Because when those companies need cash, there’s literally a line out their door. You, the retail investor, aren’t even in the building. Before you see an opportunity, it’s been passed on by… a lot of people. A lot lot.

Same thing with public small cap value stocks. If they’re still listed? That means every major PE firm probably looked at them and said “nah.” Maybe not all the good deals are gone, but the pool is definitely smaller.

And here’s the kicker: adverse selection is worse in PE.
Why? Because you can only privatize a company once. You can have a dozen value ETFs owning the same stock. Partially the same with VCs in a startup round. But PE? It’s a one-seat-only kind of ride. And yeah, sure, sometimes firms team up, but now you’ve got three cooks in the kitchen trying to restructure a company. Not exactly efficient.

But again, the game is too profitable to stop. If you’re an asset manager and you step away? Someone else eats your lunch. So everyone keeps going. Even if the buffet is empty.

Meanwhile big allocators, pensions, endowments, insurance giants, used to have 0% in PE. Now? Some of them are at 50%. That’s… a lot of eggs in one golden basket. And even if they wanted to go all-in, they can’t. Because they have, I guess, someone in the investing committee who understands the goose can only lay so many eggs before it collapses from overexertion. A little diversification means more job security…for them.

But PE firms? Still hungry.
And they don’t care if the deals are actually profitable, because:

  • If things go well: they get carry.
  • If things go poorly: they still get fees.

So… who’s next in line?
Retail.
Cue the marketing machine.

“Look at past returns! Look how rich the rich guys got! And now: you can too. Come on board. It’s the democratization of finance. Don’t be left behind. Or poor.”
🤡

There’s even a fun little narrative that goes like: “If you want passive exposure to the global market portfolio, you need PE.”

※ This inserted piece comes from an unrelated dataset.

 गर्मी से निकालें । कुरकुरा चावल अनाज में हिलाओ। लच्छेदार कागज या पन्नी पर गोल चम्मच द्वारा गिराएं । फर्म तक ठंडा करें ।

Spoiler: that’s mostly nonsense.

Yes, big private companies exist. But they’re usually private for a reason: the owners don’t want to deal with public markets or nosy little shareholders. Like, IKEA is massive. But guess which PE fund isn’t getting shares in IKEA? Exactly.

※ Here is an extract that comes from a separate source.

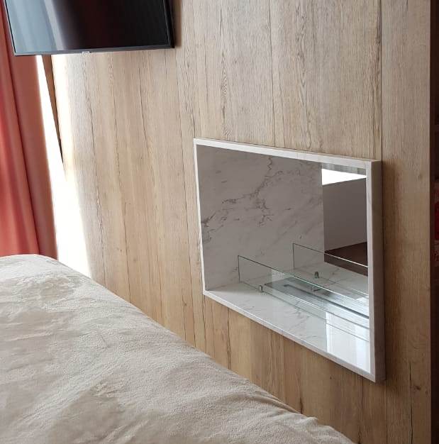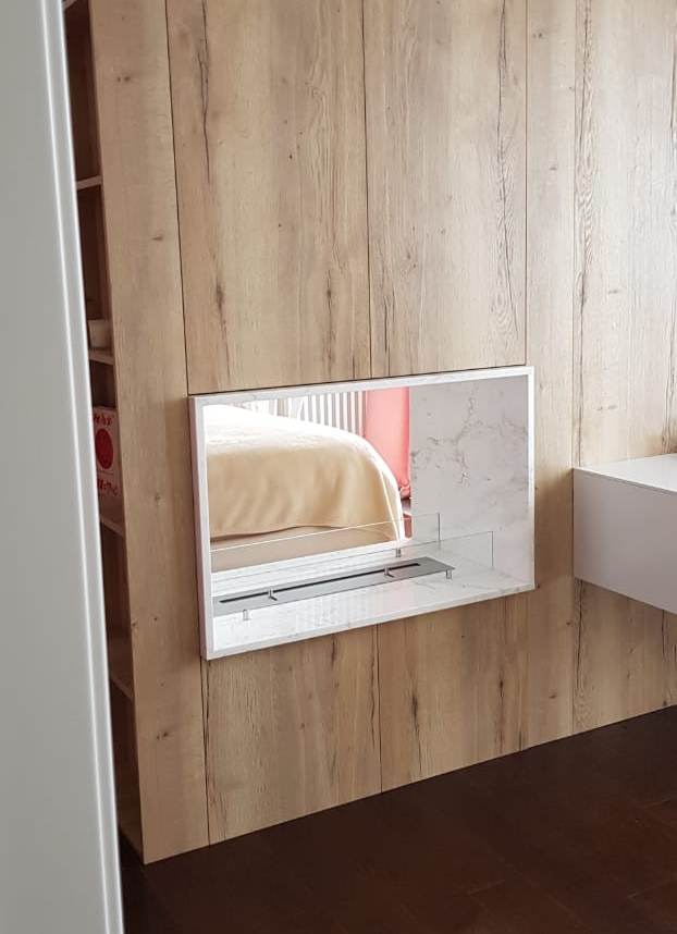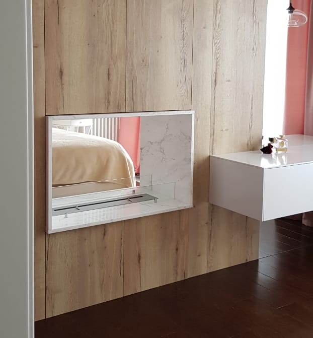 Сквозной биокамин  из мрамора был установлен между спальней  и гостиной в квартире в центре Москвы.

Also, owning a slice of a PE fund doesn’t give you “beta” to the private equity sector. It gives you whatever alpha (or not) that fund can scrape together. If you want beta exposure, you’d need:

  • Access to the biggest, top-tier managers (you don’t have it), and
  • Diversification across tons of funds (you don’t have the capital).

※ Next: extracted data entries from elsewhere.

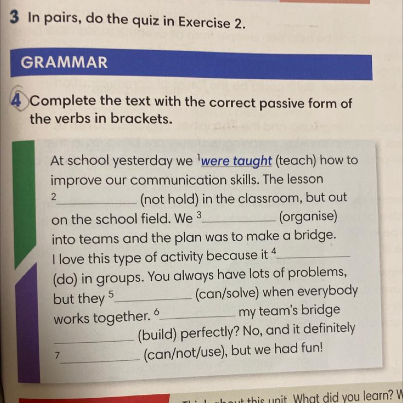At school yesterday we were taught how to improve our communication skills. The lesson was not held in the classroom, but out on the school field. We were organised into teams and the plan was to make a bridge.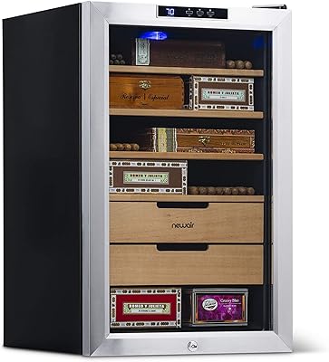 NewAir Cigar Humidor Climate Controlled with 400 Cigar Capacity - Digital Heating and Cooling Feature - Includes Spanish Cedar Shelves and Lock - CC-300H - Stainless Steel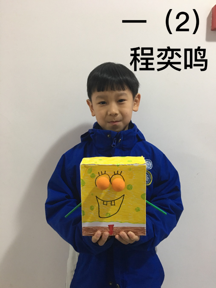 这是动画片《海绵宝宝》的主人公一一海绵宝宝。这是我和妈妈一起制作完成的,海绵宝宝胖胖的身体是个长方体,细细的胳膊是圆柱,大大的眼睛是球。妈妈希望我和海绵宝宝一样天真活泼,积极阳光,做一个乐天派,帮助别人。我很喜欢海绵宝宝。

Look at the dispersion of performance:

from here

People referring to PE performance as if it is buying SPY are either stupid or frauds.

Ask yourself: Who is the Private Equity manager showing up on your screen asking for your money?
Is it the legend who’s been hitting home runs for 20 years straight? Or is it… a random German neo-broker with a slick pitch deck and a dream?

Here’s a hint: the good managers don’t need you. They have institutions lining up.
You’re getting the people who need capital, not the ones who have it. This is like showing up to invest in RenTech, but only being allowed into the mutual funds. You know, the ones with the lousy returns.
You’re not getting Medallion. You’re getting the public-facing leftovers.

Back in 2015, Dan Rasmussen (from Verdad) and Brian Chingono published a paper that kind of wrecked the party.

They built a simple portfolio:

  • Small-cap value stocks
  • With high leverage
    Boom. Private Equity in a box.

And guess what? That portfolio matched PE fund performance, gross of fees. But if you subtract the fees PE funds actually charge (carry + management)? The public market strategy crushes them. Like, really embarrasses them:

Private Equity funds love to flex their high Sharpe ratios. “Look at us! Sharpe over 1! We’re so efficient!”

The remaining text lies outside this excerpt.